Small Sensored Cameras: More Viable Than Many Think

... Like you, I realized that while I loved the idea of the Q, it would never be my grab camera of choice. So back it went... and I sold my remaining Q gear within days.

AHA! Thank you! Thats the thing that trips me up. The *idea* of a particular camera, rather than its actuality. Probably why I have not purchased an FZ200, or FZ70 (60x zoom? ohmy!) Sitting at my desk at the moment, the cameras I can grab and use? V1 with its 18.5mm lens, the GRDIII and the XZ-1. Probably says a lot.
 
Right now, my Oly E-PM2 and Fuji XF1 are probably my most-used, grab-and-go cameras. We'll see how much use my GX7 gets over the course of the year. Right now, I keep thinking I'll buy one of the Olympus OM-Ds - and maybe I will. But, you know what cameras I keep thinking about now? The Ricoh GR, Oly Stylus 1 and Fuji S1 (weather resistant, DSLR-style bridge superzoom). I'm insane, right? :eek:
 
It depends how small the sensor is. The smallest sensor I've ever been satisfied with is 1" in my Nikon V1. It is a great camera, and while I criticize many of its traits (design decisions and lacking features), sensor format is not one of them. IMO, with a serious Firmware update and a few faster and longer lenses (18mm f0.7, 13mm f1.2, 70-300mm f4-5.6, etc.) this system would be sufficient for over 90% of all photographers. Don't believe me? Look at my 18.5mm f1.8 review and tell me how these results could be vastly improved by a larger sensor.
 
Very viable!
At today's shoot, a couple of folks from my local photography group that I belong to were chatting about how handy their compacts were! :)
 
I'm pretty much convinced the better compact cameras do great in almost all situations, and even iPhones can perform very well in decent light. Even at most reasonable print sizes. However, as my tendency seems to be to print more and bigger (40 x 60 cm is almost a minimum size), I like the latitude the bigger sensor cameras give me. Especially when they're pretty small.

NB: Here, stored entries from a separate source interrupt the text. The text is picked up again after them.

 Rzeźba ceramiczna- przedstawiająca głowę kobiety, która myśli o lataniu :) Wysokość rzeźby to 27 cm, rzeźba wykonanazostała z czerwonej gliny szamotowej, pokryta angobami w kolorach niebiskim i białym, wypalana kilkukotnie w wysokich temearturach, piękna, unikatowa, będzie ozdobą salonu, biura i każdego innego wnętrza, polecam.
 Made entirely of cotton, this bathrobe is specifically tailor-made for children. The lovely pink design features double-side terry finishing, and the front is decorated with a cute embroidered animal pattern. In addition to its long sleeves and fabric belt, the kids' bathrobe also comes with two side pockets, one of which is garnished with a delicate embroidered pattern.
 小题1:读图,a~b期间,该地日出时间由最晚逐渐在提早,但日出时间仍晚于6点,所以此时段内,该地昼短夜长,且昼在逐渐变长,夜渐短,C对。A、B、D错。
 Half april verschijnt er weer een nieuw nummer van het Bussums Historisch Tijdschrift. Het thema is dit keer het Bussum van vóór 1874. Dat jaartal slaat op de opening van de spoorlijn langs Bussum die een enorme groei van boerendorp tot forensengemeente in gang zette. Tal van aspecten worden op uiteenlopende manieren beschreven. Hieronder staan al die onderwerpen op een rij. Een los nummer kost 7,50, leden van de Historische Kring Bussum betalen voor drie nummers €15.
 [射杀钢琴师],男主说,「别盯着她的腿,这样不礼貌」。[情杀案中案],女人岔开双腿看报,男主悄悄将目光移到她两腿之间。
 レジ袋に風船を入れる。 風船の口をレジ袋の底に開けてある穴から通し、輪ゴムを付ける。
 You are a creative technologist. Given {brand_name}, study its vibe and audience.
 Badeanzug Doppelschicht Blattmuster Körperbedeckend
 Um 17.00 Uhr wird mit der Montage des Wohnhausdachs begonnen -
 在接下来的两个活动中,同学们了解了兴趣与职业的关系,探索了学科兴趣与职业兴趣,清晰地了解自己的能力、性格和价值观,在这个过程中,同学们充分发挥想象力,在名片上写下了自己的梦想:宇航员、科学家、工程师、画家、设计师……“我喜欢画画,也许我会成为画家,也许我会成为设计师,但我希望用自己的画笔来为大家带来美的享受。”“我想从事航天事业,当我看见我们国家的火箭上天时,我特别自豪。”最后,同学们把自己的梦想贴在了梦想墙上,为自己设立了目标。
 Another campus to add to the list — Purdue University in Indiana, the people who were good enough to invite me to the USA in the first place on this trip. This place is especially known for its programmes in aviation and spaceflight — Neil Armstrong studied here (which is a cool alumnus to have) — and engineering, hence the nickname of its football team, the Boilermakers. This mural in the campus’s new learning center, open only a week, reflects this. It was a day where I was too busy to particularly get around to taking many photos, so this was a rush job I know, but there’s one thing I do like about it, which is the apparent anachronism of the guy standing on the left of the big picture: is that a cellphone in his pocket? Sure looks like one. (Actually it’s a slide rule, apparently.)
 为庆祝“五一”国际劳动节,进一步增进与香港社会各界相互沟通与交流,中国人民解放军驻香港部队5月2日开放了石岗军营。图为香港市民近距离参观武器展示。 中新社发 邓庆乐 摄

I will say that my RX100 'saved the day' in Ecuador, where I discovered my E-M5 charger wasn't working (eBay special base for the RX100 and the E-M5 looks the same, but the voltage is different), so only had a single battery charge to 'spend' on a two week trip. The RX100 performed admirably for landscapes, for people shots, for underwater (it's my scuba cam), with great exposure, great color, and impressive resolution. No, it's nowhere near the same ballpark as the A7r at base ISO, and the E-M5/E-M1 beats it in most conditions, particularly in resolving fine detail with the right lens, but it's a very, very impressive little pocket rocket.
 
Under the right circumstances, today's small sensor cameras can produce magnificent photographs. I've been increasingly impressed with my new Panasonic LX7; at first I was wary, as it 'only' had a small sensor. But it produces colours that are more to my liking than I ever thought a small sensor camera could create, and the sharpness of the lens is superb. If it was as ergonomically good and comfortable as the Ricoh GRD/GR, it would be as close to perfect as a small sensor cam could be for me.

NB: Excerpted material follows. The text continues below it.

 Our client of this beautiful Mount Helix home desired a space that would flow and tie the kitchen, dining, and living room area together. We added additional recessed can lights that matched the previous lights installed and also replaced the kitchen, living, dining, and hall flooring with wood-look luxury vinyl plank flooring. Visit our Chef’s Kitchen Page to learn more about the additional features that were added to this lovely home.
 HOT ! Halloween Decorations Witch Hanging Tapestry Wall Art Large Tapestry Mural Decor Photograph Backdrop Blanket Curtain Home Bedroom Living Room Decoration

Could I do professional work with it? Depends on the subject, the client, the situation and the output media. I'd happily use it for web sized images of brightly coloured, outdoor settings. With exposure bracketing and the Enfuse plugin for Lightroom, it could interiors, as long as the output was still for the web. Exhibition sized prints? Not so sure, but I'd certainly have a go.

As far as small sensor cameras go, I've stopped using everything else now that I've got the LX7. I've tested it against the Canon S90, Fuji X10 and Ricoh GRD III, and it comes out better than all of them, in terms of detail, colour, and even dynamic range. If I expose carefully and choose the right subjects and scenes, the LX7 is almost indistinguishable from the Canon 30D + 17-55mm f2.8. The giveaway factor is noise: the LX7 is visibly noisy at ISO 400 where the Canon 30D has almost none. But for general shooting, I can happily walk out with the LX7 and create images that I like.
 
Could I do professional work with it? Depends on the subject, the client, the situation and the output media. I'd happily use it for web sized images of brightly coloured, outdoor settings. With exposure bracketing and the Enfuse plugin for Lightroom, it could interiors, as long as the output was still for the web. Exhibition sized prints? Not so sure, but I'd certainly have a go.

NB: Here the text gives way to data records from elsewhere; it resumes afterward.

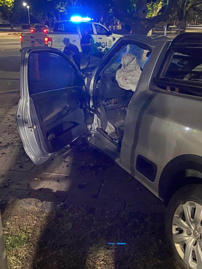 Dos personas resultaron heridas en un accidente ocurrido en la madrugada de hoy, cuando el conductor de una camioneta Volkswagen Saveiro perdió el control de su vehículo y se estrelló contra la vereda de Plaza Mitre, en el cruce de las avenidas San Martín y Belgrano. El siniestro tuvo lugar poco después de las 3 de la mañana, cuando el vehículo circulaba por la Avenida San Martín en dirección hacia calle Mitre.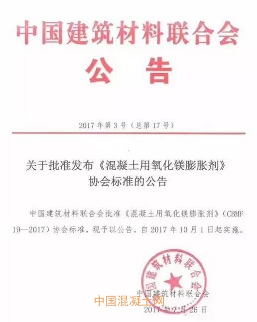 日前,中國建筑材料聯(lián)合會發(fā)布公告,批準發(fā)布《混凝土用氧化鎂膨脹劑》(CBMF19-2017)協(xié)會標準,該標準將自2017年10月1日起正式實施。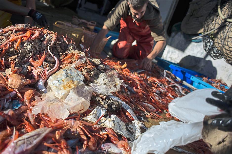 “Fisherman used to say, ‘This is not for me, I am throwing it back in the water’. Today we don’t even throw out a paper,” he said as he cast his trawl 60km from the coast.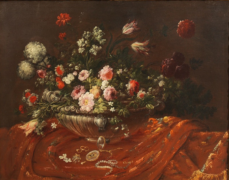 In asta anche un’ampia selezione di nature morte. Si segnalano Frutta e fiori all’aperto con una figura femminile e Selvaggina e un cacciatore stimati rispettivamente 25.000/35.000 e 15.000/20.000 euro. Differenti sono le scuole locali che rappresentano questo genere. Per la scuola romana un inedito Agostino Verrocchi di Frutta e ortaggi su un piano nel catalogo per 10.000/15.000 euro. Napoletana è l’opera di Giuseppe Recco, Natura morta di pesci stimata a 30.000/50.000 euro. Per la scuola bolognese invece una Composizione di fiori di Antonio Mezzadri in catalogo per la cifra di 10.000/15.000 euro.
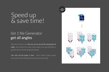 设置1个文件生成器并获取所有角度对您意味着什么?现在,您可以使用一个psd文件并生成所有角度。您需要做的就是将选定的设计放置在一个视图中,并且由于生成器,其余视图会自动更改。“一键式”,项目完成。只需几分钟即可创建连贯的产品照片。制作模型从未如此简单。

I have a magazine cover done with the Leica D-Lux 5, but keep in mind a magazine cover doesn't really push any modern camera.

My belief on print sizes and megapixels is I don't subscribe to the generally repeated you need a giant file to print big. I think more depends on the people printing your images and if you have a 10mp image that is good, you find the right person (someone that prints for a living) to print it big and it's no problem. There is uprezzing far beyond photoshop that is used by professional printers and the software that makes the print is not just photoshop or similar, its a dedicated printing software. If you are doing your own printing and don't have experience printing large, then a larger file is probably easier than learning how to work with the small file.